Cocoa makes way for oil palm

Business, Normal
Source:

The National, Tuesday June 16th, 2015

 A TOTAL of 100 hectares of fully rehabilitated cocoa blocks under the World Bank-funded Productive Partnership in Agriculture Project (PPAP) have been cleared to make way for oil palm production in East New Britain.

This has been estimated at a destruction cost of about K33 million, project manager Hosea Turbarat said yesterday. 

He said it was unfortunate that the first PPAP project in the province, valued at K1.2 million, appeared to be successful but was lost to oil palm development.

He said the 100 hectares had hybrid clones planted with most of the cocoa trees flowering and bearing pods when they were bulldozed.

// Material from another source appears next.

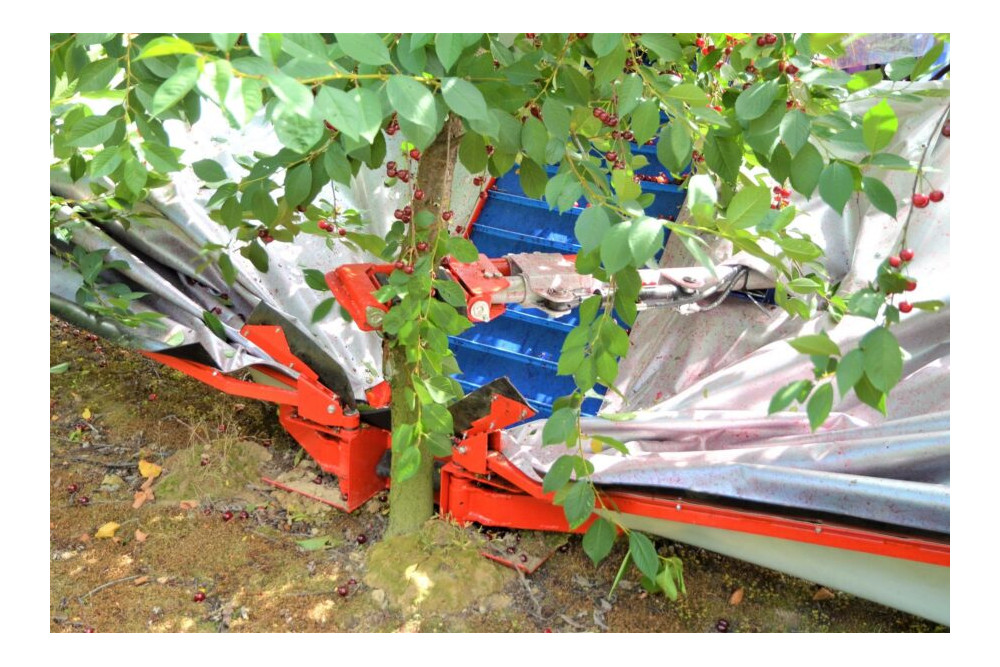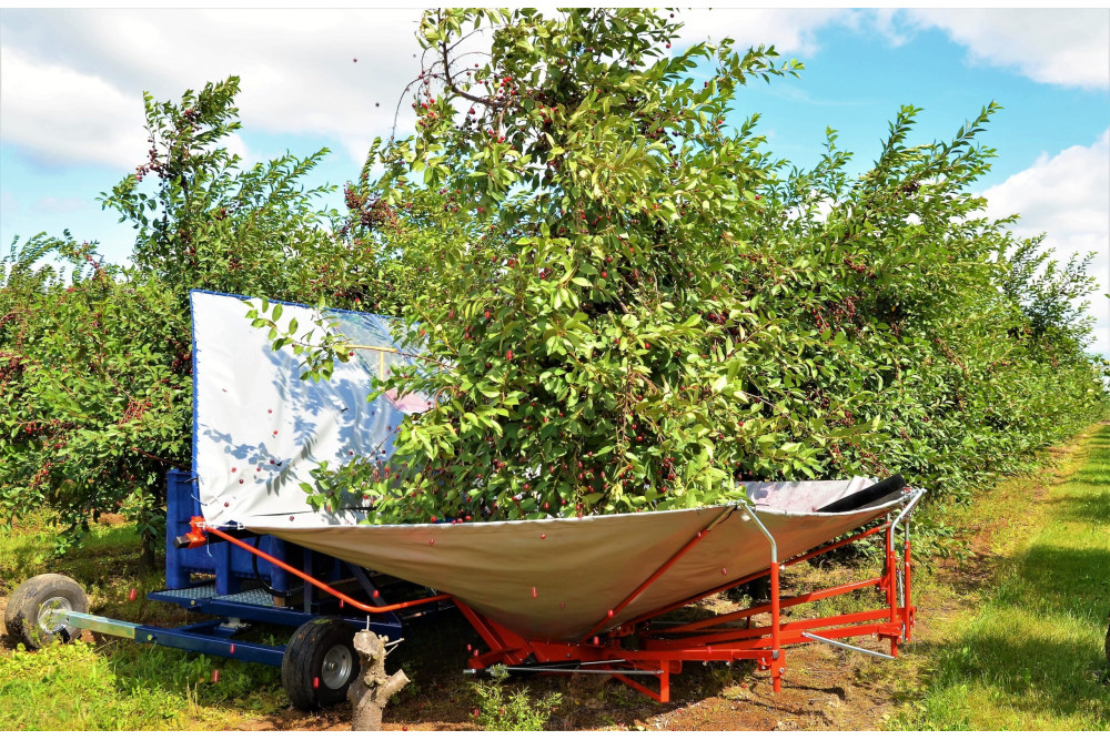 Zbiór wiśni GACEK przeznaczone jest do zbioru wiśni jak również innych owoców pestkowych np. śliwek (otrząsarka do śliwek). Zbiór następuje przez otrząsanie, następnie zostają usunięte zanieczyszczenia przy pomocy wentylatora i owoce zsypywane są do skrzynek lub skrzyniopalet.

Central Inland Baining Cocoa Rehabilitation project extension manager Sebastian Sambie said farmers were taken by surprise early this year when an oil palm project by Tzen Niugini and Guarequa Incorporated Land Group (landowner-Kulit) moved into the 100 hecatres of cocoa blocks belonging to farmers and began clearance.

He said most farmers in the area claimed the clearance of their cocoa blocks occurred without prior consultation with them and the Baining Society Cooperative board and management. Sambi said many settlers had been forcefully evicted since early this year.

He added that many families had been displaced, school children affected and the mangrove vegetation was currently under threat as well.

“It is a very sad case for most cocoa farmers in Kulit. More farmers are going to be affected as well as our resources and efforts will be wasted. 

“Knowingly the land group understood fully that there was already an existing cocoa project running in these three wards; Labam, Kulit and Radingi but they have gone ahead and destroyed the hard work put in for the PPAP programme,” Sambi said.